With Benson and Klekas leading the EEI project, teams across Facilities Management have joined up to achieve this large goal. District managers, facility coordinators, project managers, engineers and sustainability and energy team members have all contributed in the spirit of One U. Steve Laraway of University Planning, Design and Construction served as project manager. McKinstry did an excellent job as the selected design-build contractor, with DJ Hubler serving as project director. Project stakeholders can be found in all six districts on campus as well as 36 different auxiliary partners.

“This project requires a lot of skilled project management and engaged staff,” Klekas said. “With so many different stakeholders, over a hundred buildings and different district representatives, it is a constant test to keep it all straight.”

True commitment to sustainability goals from university leadership has made it all possible. University Chief Facilities Officer Robin Burr and University Chief Financial Officer Cathy Anderson have provided unwavering support to accelerate campus progress with significant reinvestment of savings to these projects.

Supply air temperature setpoint reset

Air handling units (AHUs) are a common HVAC system cooling air to many rooms at the same time. Loads are uneven and a large portion of downstream equipment must use coils to reheat air before it enters a room to prevent over-cooling. The higher the temperature from the AHU, the less simultaneous heating and cooling occurs. With ongoing feedback and temperature adjustment, systems can ensure cooling needs remain satisfied for the smallest amount of energy necessary.

This control optimization allows the air handler to raise its supply air temperature setpoint when it is acceptable. This minimizes simultaneous heating and cooling and lowers the overall energy use of the system.

Supply duct pressure setpoint reset

Air handling units (AHUs) are a common HVAC system that use large fans to pressurize air ducts and deliver conditioned air to many rooms at the same time. Loads are uneven and a large portion of downstream equipment must use air dampers to limit airflow to reach desired setpoints and prevent system imbalances. The lower the pressure from AHU fans, the less motor energy is used to deliver the air. With ongoing feedback and pressure adjustment, systems can ensure airflow needs remain satisfied for the smallest amount of fan energy necessary. This control optimization allows the air handler to lower its duct static pressure setpoint when the system is completely satisfied. In effect, this allows the air-handler fan to ramp down, save energy, and reduce wear-and-tear.

Pumping differential pressure setpoint reset

This is very similar to other control measures, except that it addresses building pumping systems. This allows the primary circulation pumps to ramp down when the load is low and the spaces are satisfied.
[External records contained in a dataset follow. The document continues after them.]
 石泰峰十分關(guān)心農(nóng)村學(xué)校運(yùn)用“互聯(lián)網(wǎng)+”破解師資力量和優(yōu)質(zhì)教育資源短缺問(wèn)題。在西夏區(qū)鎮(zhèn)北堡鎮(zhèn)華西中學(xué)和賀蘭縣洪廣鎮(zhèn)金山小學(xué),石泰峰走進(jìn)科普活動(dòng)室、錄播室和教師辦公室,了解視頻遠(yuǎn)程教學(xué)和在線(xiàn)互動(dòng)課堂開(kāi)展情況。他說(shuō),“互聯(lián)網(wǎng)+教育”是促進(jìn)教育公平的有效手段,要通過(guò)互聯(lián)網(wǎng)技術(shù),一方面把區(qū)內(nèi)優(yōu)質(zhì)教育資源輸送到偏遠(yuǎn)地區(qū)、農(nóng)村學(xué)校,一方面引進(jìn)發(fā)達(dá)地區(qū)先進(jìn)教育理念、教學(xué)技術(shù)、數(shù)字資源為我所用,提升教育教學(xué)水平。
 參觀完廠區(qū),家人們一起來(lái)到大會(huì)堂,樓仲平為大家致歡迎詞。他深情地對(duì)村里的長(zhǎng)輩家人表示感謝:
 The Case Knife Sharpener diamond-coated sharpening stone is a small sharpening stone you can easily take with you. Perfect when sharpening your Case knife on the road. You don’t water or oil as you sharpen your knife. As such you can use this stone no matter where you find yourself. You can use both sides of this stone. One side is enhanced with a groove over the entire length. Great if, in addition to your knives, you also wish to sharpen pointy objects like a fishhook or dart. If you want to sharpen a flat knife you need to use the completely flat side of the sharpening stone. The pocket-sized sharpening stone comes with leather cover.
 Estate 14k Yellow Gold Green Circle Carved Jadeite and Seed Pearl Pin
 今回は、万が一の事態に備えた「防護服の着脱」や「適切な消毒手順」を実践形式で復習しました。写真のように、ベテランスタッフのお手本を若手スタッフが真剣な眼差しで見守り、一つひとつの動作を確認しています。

Advance rooftop control upgrades

This strategy adds control modules to existing packaged rooftop units (RTUs) and expands functionality and feedback. This allows the RTUs to modulate and respond to demand as needed and reduce energy when acceptable.

Operational process for the CoGen Plant

This measure adjusted when the turbine of the cogeneration system in the University’s main heating plant is operated, which significantly reduces our local emissions, our overall carbon footprint, and utility costs.
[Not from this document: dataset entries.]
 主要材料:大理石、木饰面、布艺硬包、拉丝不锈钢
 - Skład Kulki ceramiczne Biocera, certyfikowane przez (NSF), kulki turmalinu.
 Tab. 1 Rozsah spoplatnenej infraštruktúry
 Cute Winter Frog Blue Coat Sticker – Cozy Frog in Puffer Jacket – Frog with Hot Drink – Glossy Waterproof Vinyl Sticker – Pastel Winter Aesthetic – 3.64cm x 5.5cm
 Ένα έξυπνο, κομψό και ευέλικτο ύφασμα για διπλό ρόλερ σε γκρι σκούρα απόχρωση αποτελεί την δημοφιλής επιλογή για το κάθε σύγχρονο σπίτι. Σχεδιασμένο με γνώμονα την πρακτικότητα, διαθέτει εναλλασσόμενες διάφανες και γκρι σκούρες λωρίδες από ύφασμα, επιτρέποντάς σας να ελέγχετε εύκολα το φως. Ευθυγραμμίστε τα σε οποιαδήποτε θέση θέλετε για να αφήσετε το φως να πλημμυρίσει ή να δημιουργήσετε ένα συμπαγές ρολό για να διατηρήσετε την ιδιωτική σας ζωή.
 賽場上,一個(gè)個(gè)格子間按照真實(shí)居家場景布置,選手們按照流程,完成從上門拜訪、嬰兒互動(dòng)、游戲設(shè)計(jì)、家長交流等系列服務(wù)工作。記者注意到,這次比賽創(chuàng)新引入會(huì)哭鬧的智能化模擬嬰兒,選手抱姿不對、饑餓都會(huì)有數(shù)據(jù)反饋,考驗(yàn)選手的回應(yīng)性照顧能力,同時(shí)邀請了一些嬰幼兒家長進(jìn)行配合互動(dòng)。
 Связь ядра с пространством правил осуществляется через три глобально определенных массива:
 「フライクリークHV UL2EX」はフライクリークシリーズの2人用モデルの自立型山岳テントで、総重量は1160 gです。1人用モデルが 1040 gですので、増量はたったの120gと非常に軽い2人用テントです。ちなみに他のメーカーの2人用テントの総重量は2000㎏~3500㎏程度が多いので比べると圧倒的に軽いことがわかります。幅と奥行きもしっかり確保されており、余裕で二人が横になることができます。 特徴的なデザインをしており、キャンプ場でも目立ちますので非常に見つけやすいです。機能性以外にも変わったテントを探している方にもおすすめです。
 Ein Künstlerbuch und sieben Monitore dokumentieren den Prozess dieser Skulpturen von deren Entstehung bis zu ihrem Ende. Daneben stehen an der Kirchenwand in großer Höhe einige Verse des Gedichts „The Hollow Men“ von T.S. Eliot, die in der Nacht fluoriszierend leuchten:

Steam trap audits and replacements

This measure conducted campus-wide steam trap audits, improved documentation and asset tracking of steam traps, repaired failed steam traps. This process significantly improved the function and operation of our steam systems.

The university has committed to achieving carbon neutrality by 2050. The EEI projects are a step on this journey towards a long-term goal. As the state of Utah’s flagship institution, which is currently getting national attention for recent improvements in green energy purchasing, the university is constantly finding new ways to save energy and build a sustainable foundation for the future.